Suppose you take factorials of a lot of numbers and look at the leading digit of each result. You could argue that there’s no apparent reason that any digit would be more common than any other, so you’d expect each of the digits 1 through 9 would come up 1/9 of the time. Sounds plausible, but it’s wrong.
The leading digits of factorials follow Benford’s law as described in the previous post. In fact, factorials follow Benford’s law even better than physical constants do. Here’s a graph of the leading digits of the factorials of 1 through 500.
In the remainder of this post, I’ll explain why Benford’s law should apply to factorials, make an aside on statistics, and point out an interesting feature of the Python code used to generate the chart above.
Why Benford’s law applies
Here’s a hand-waving explanation. One way to justify Benford’s law is to say that physical constants are uniformly distributed, but on a logarithmic scale. The same is true for factorials, and it’s easier to see why.
The leading digits of the logarithms depend on on their logarithms in base 10. The gamma function extends the factorial function and it is log-convex. The logarithm of the gamma function is fairly flat (see plot here), and so the leading digits of the log-gamma function applied to integers are uniformly distributed on a logarithmic scale. (I’ve mixed logs base 10 and natural logs here, but that doesn’t matter. All logarithms are the same up to a multiplicative constant. So if a plot is nearly linear on a log10 scale, it’s nearly linear on a natural log scale.)
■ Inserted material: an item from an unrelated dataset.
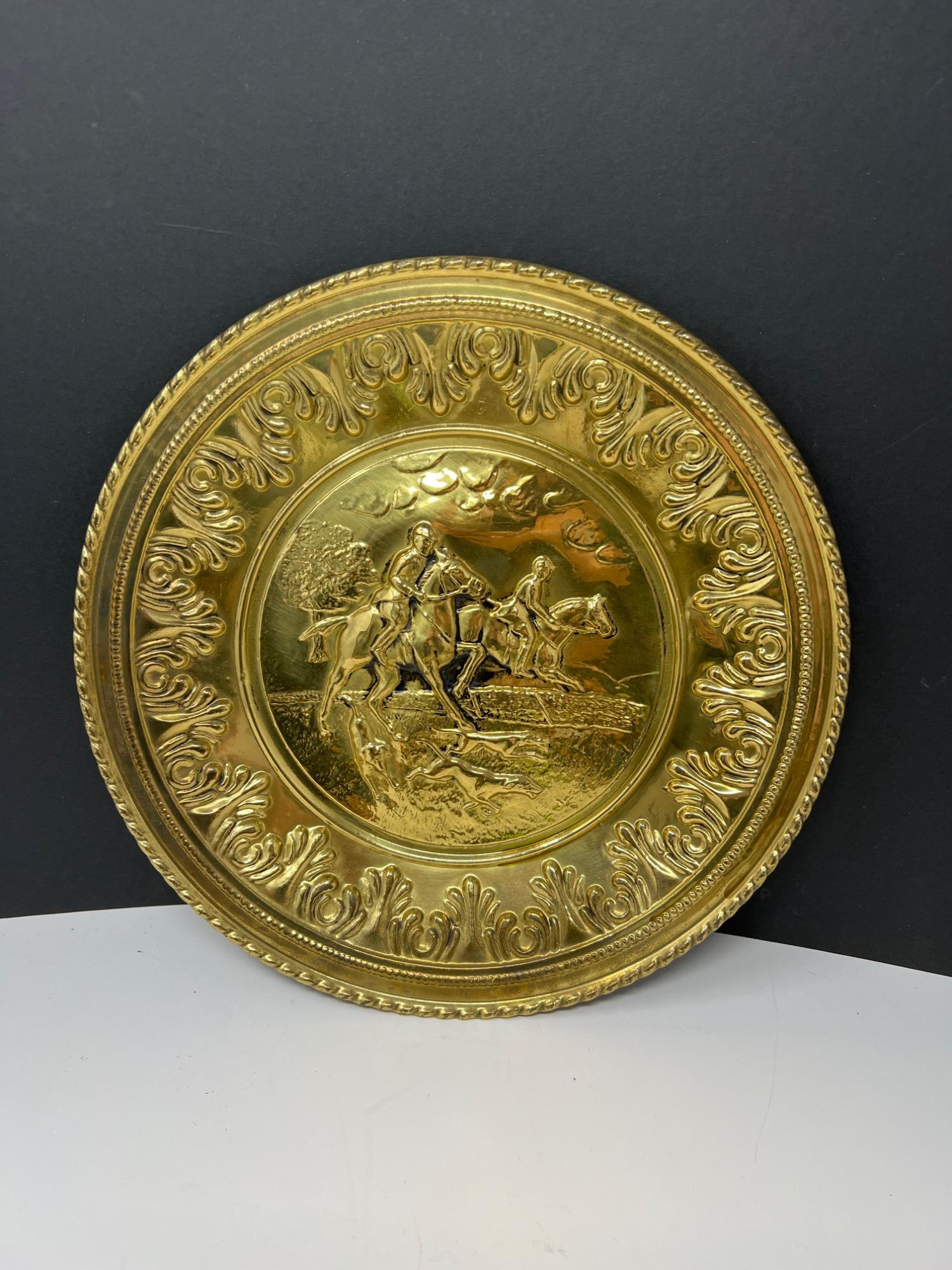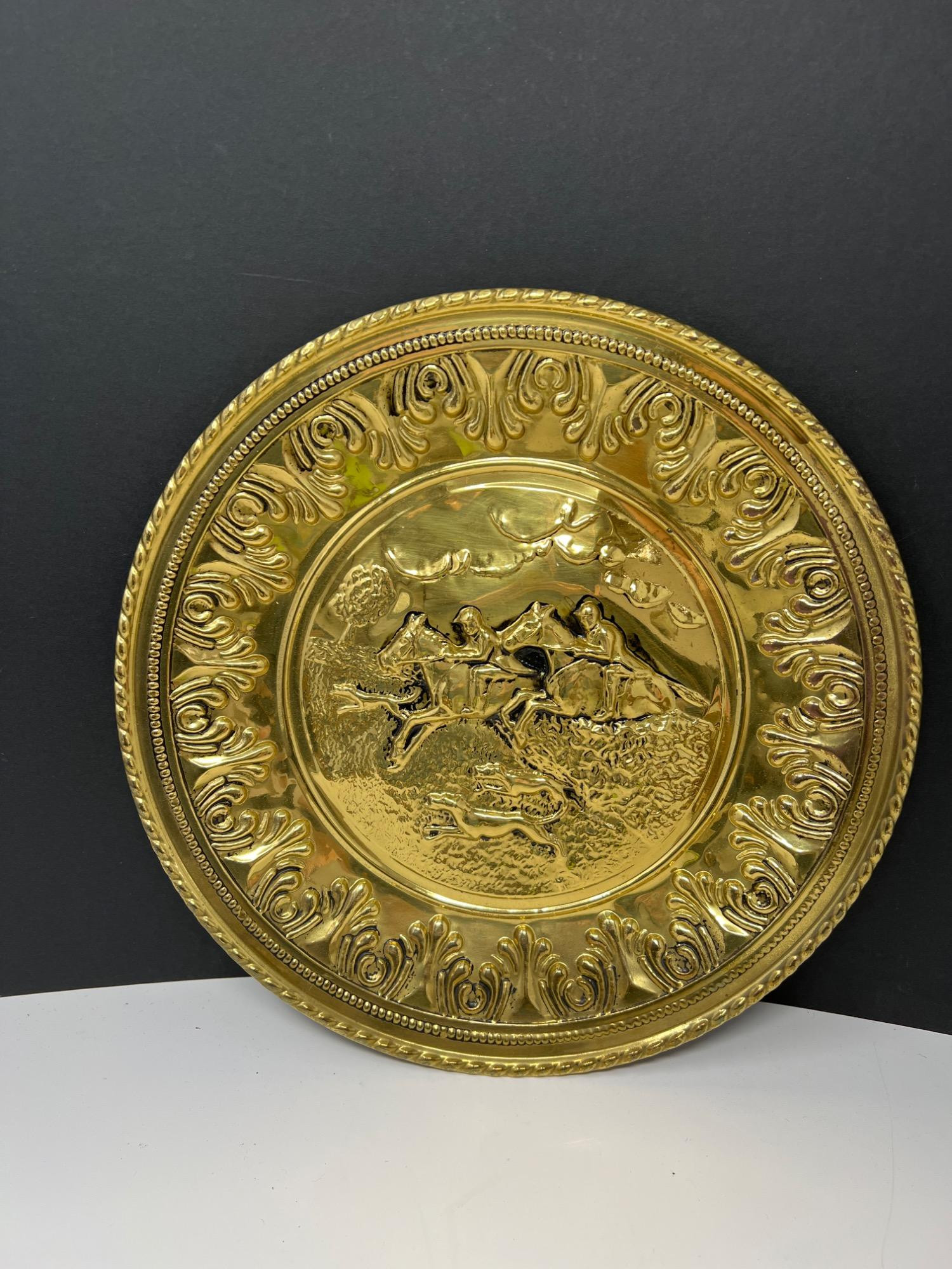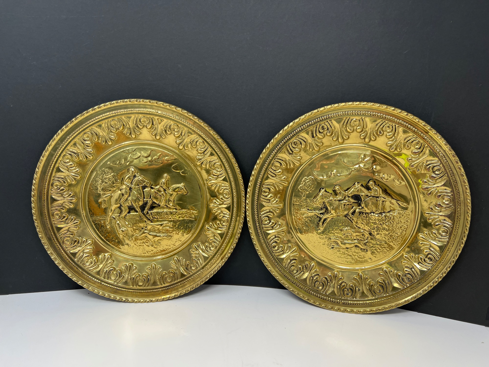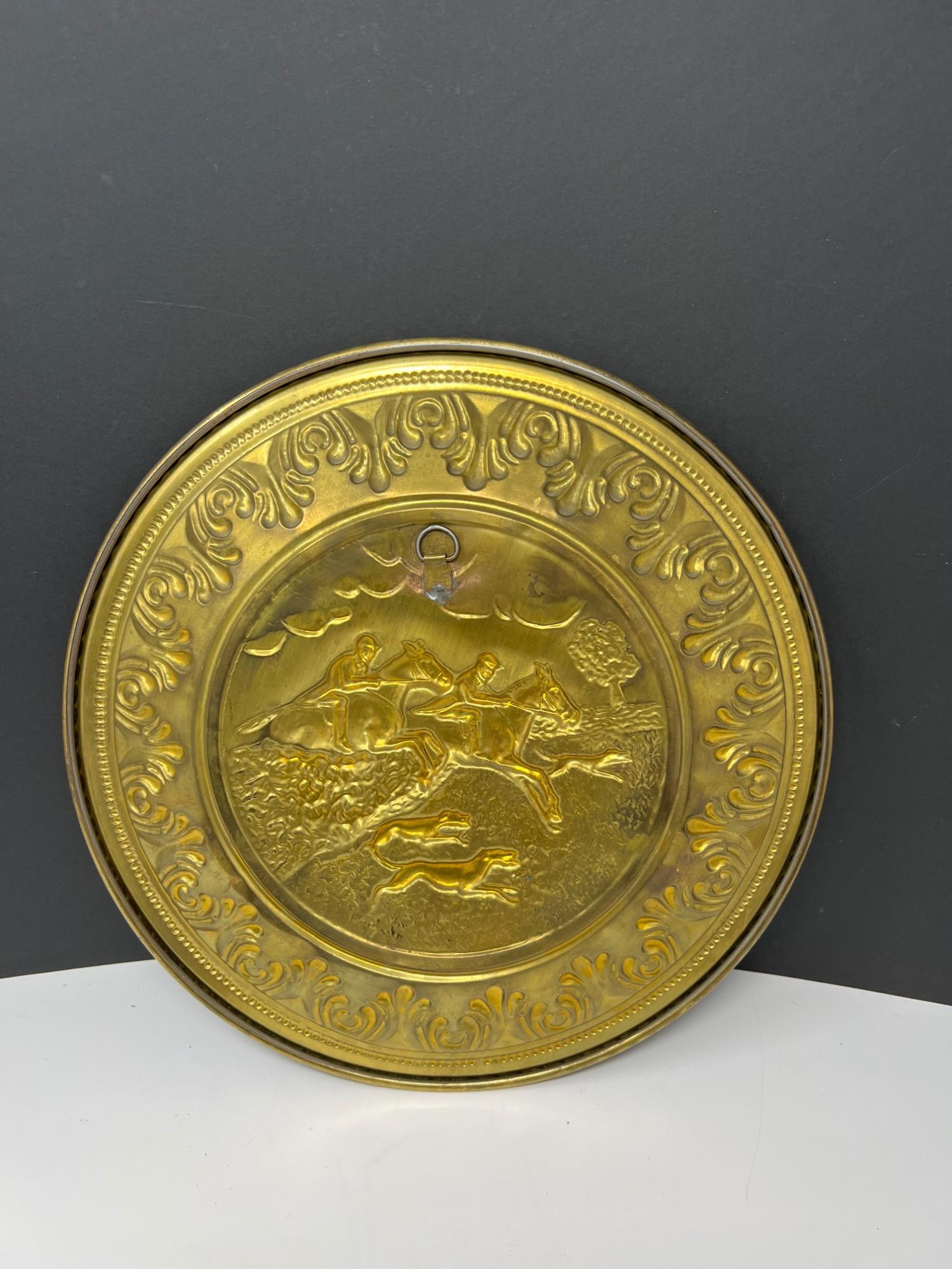 These vintage brass plates are embossed with fox hunting scenes, showcasing intricate craftsmanship. Made in England, these plates are a fine example of traditional decorative art. Their embossed design adds texture and depth, making them visually striking and perfect for wall display. Measuring 12 inches in diameter, they are a charming addition to any vintage or rustic-themed décor.
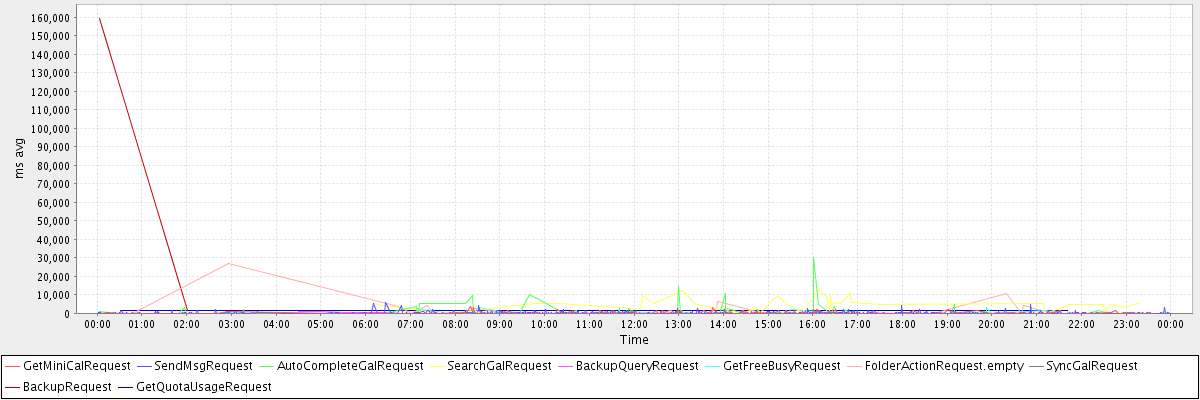 avg(GetMiniCalRequest) = 353.00 avg(SendMsgRequest) = 306.51 avg(AutoCompleteGalRequest) = 1257.66 avg(SearchGalRequest) = 4804.98 avg(BackupQueryRequest) = 698.80 avg(GetFreeBusyRequest) = 446.17 avg(FolderActionRequest.empty) = 1380.22 avg(SyncGalRequest) = 151627.00 avg(BackupRequest) = 80343.50 avg(GetQuotaUsageRequest) = 1303.50

Update: Graham gives a link in the comments below to a paper proving that factorials satisfy Benford’s law exactly in the limit.
Uniform on what scale?
This example brings up an important principle in statistics. Some say that if you don’t have a reason to assume anything else, use a uniform distribution. For example, some say that a uniform prior is the ideal uninformative prior for Bayesian statistics. But you have to ask “Uniform on what scale?” It turns out that the leading digits of physical constants and factorials are indeed uniformly distributed, but on a logarithmic scale.
Python integers and floating point
I used nearly the same code to produce the chart above as I used in its counterpart in the previous post. However, one thing had to change: I couldn’t compute the leading digits of the factorials the same way. Python has extended precision integers, so I can compute 500! factorial without overflowing. Using floating point numbers, I could only go up to 170!. But when I used my previous code to find the leading digit, it first tried to apply
log10 to an integer larger than the largest representable floating point number and failed. Converting numbers such as 500! to floating point numbers will overflow. (See Floating point numbers are a leaky abstraction.)
The solution was to find the leading digit using only integer operations.
def leading_digit_int(n): while n > 9: n = n/10 return n
This code works fine for numbers like 500! or even larger.